The main evidence for the claim is that six of the farthest known Kuiper Belt objects have orbits that line up in such a way that would only happen if they were affected by a massive and as yet unknown planet's gravitational pull. The six KBOs' orbits all share the same tilt – roughly 30 degrees downward, relative to the plane of the eight officially recognized planets. If Planet Nine exists, it would be about the same size as the most commonly found exoplanets orbiting other stars and likely have a mass of ten Earths (half the size of Neptune), with the length of one Planet Nine year equalling between ten and twenty thousand Earth years. If a planet of that size is orbiting the sun beyond Neptune, it will affect the orbits of nearby objects. The planet appears to have an elliptical orbit and the closest it comes to the sun is about two hundred and fifty astronomical units (the distance from sun to Earth, equal to ninety-three million miles.). By comparison, Jupiter is about five astronomical units from the sun.
Lance Hayashida/Caltech
While a lot more research is needed to either prove or disprove the existence of Planet Nine, the overall reaction of the scientific community has so far been that of excitement. Greg Laughlin, an astronomer at the University of California, Santa Cruz, said that “The combination of Mike Brown, who has a really solid observational sense of what's out there, and Konstantin's theoretical brilliance – if it's out there, they've found it.” Alessandro Morbidelli, planetary scientist at the Observatoire de la Cote d'Azur, in Nice, France, and a referee for The Astronomical Journal, said “This paper for the first time gives a smoking gun for the existence of an additional planet.”

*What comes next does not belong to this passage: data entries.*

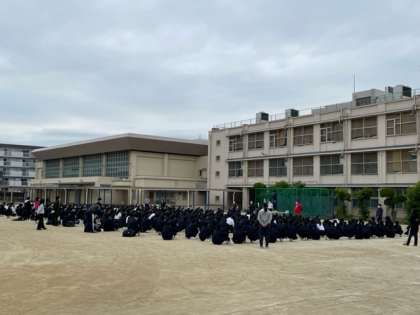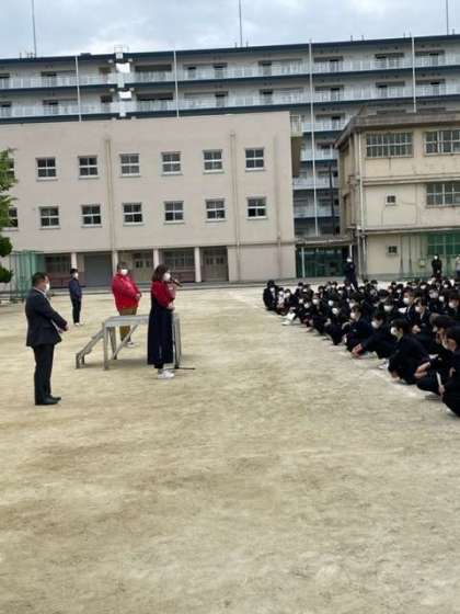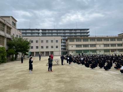 全校集会が行われ、前期学級役員認証式と国際クラブのソンセンニンの紹介がありました。
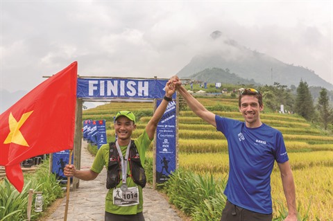 | En 2017, Trân Duy Quang (gauche) est devenu le premier Vietnamien à remporter la médaille d’or de l’ultra-trail de Sa Pa (100 km) après avoir fini la course en 13 heures 17 minutes. |
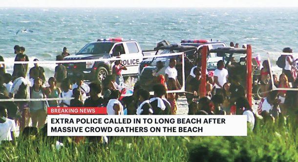 《紐約郵報》報道,13日下午6時左右,警員趕至一向寧靜的長灘,原因是大群青少年忽然湧入。最新畫面顯示,警員到場圖控制亂象,但被人潮淹沒,期間更傳來多聲槍響。其他片段顯示,有青少年跳上警車頂跳電臀舞、數百人爬上救生台。當局表示,當人群出現時,海灘上沒有救生員值班。
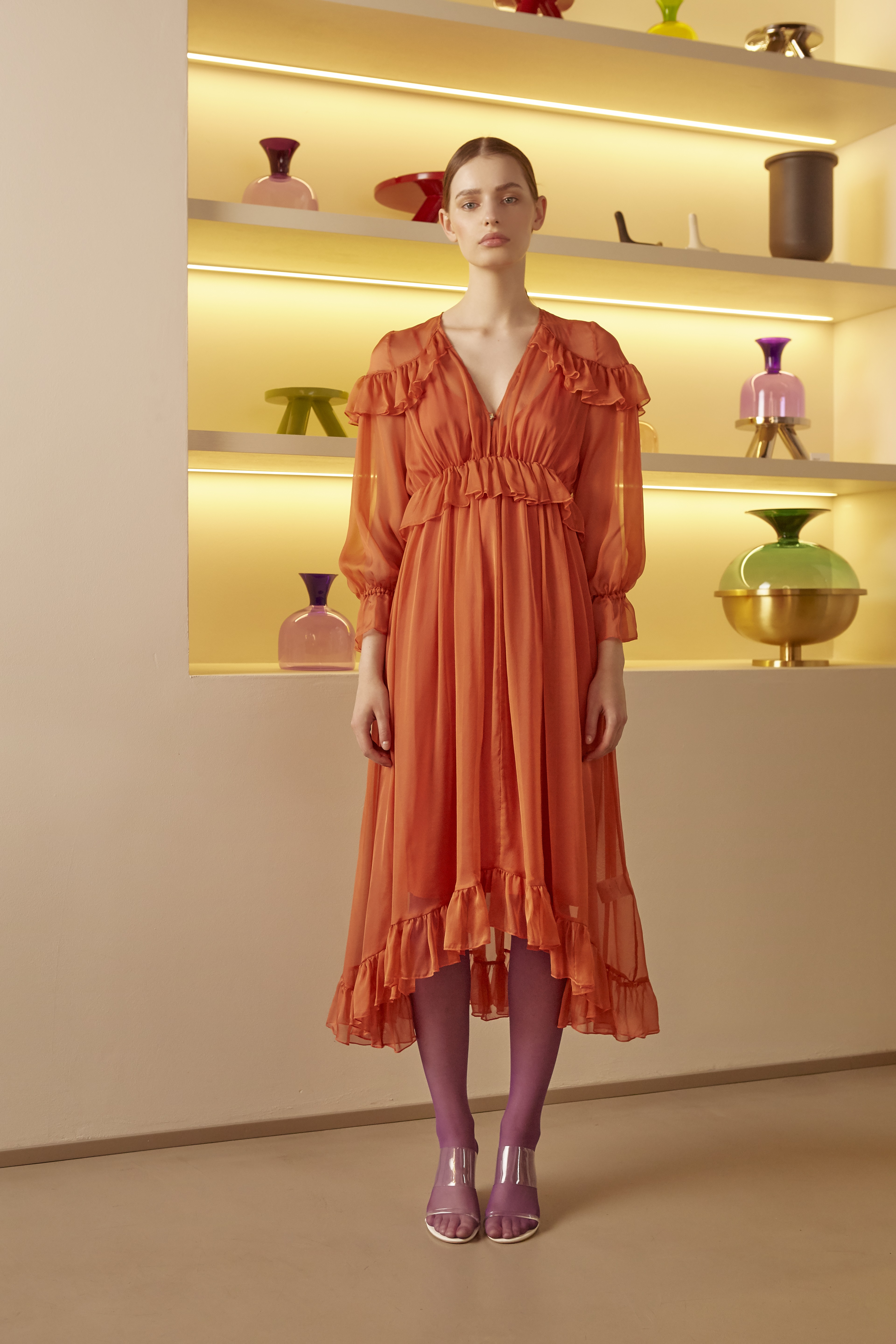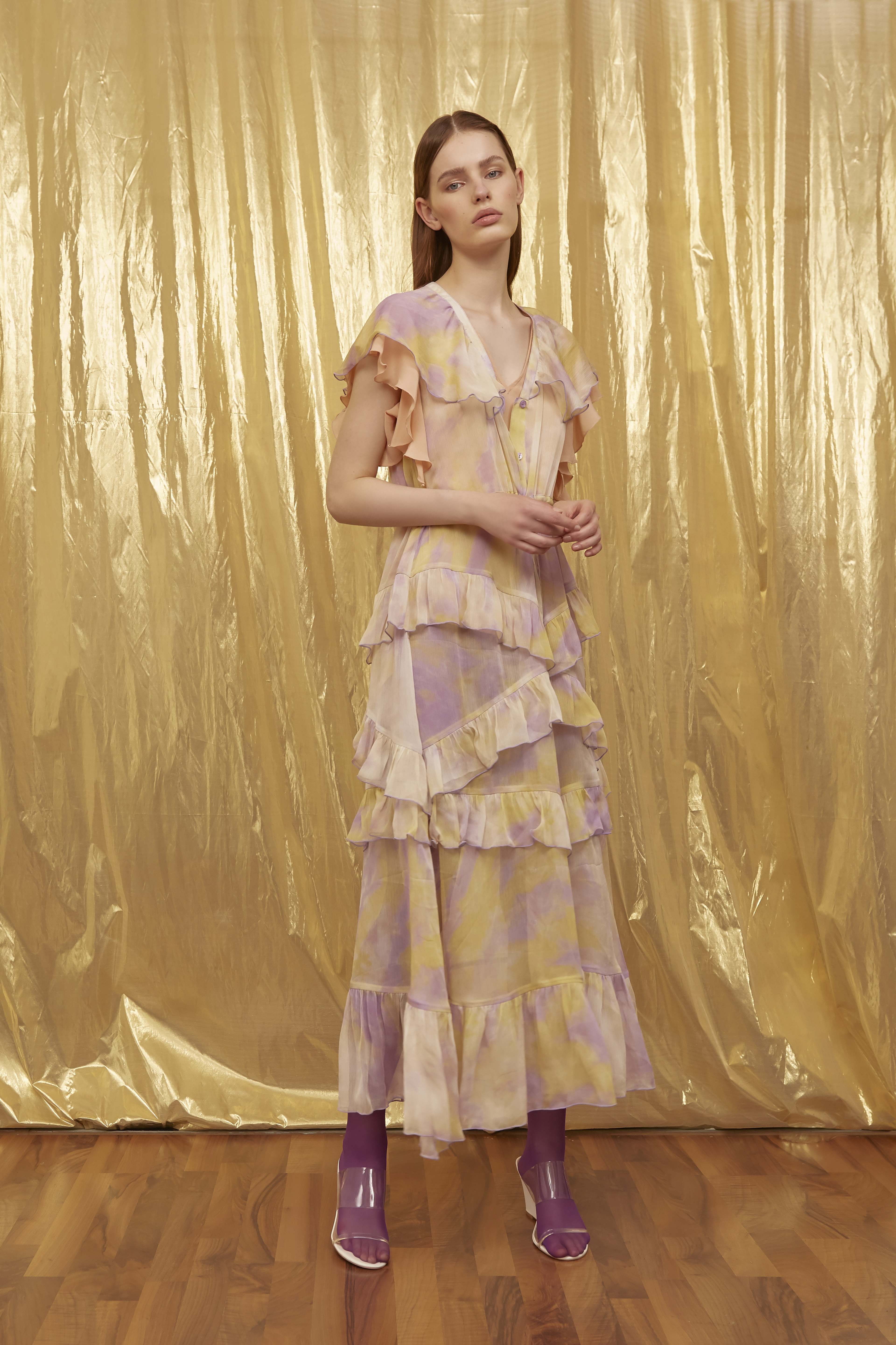 这一季中,ISABELLE BLANCHE受到 “千禧一代”的启发,这一代人意识到他们对世界的影响以及与自然联系的必要性。ISABELLE BLANCHE试图将两种截然相反的观点——人工技术和想要与地球所创造的东西分离与融合的冲动——结合起来:以讽刺的方式,采用奢华的色彩、迷幻印花和带荧光色的镶边,改变了荧光有趣的巴洛克时代,把20世纪70年代的经典嬉皮士带到科技革命。

“This would be a real ninth planet,” said Mike Brown in a statement. “There have only been two true planets discovered since ancient times, and this would be a third. It's a pretty substantial chunk of our solar system that's still out there to be found, which is pretty exciting.” According to Brown and Batygin, Planet Nine may have formed closer to the sun and been kicked out to its current location after a gravitational interaction with Jupiter or Saturn. “One of the most startling discoveries about other planetary systems has been that the most common type of planet out there has a mass between that of Earth and that of Neptune,” said Batygin. “Until now, we've thought that the solar system was lacking in this most common type of planet. Maybe we're more normal after all.”
The new study was published in the current issue of the Astronomical Journal.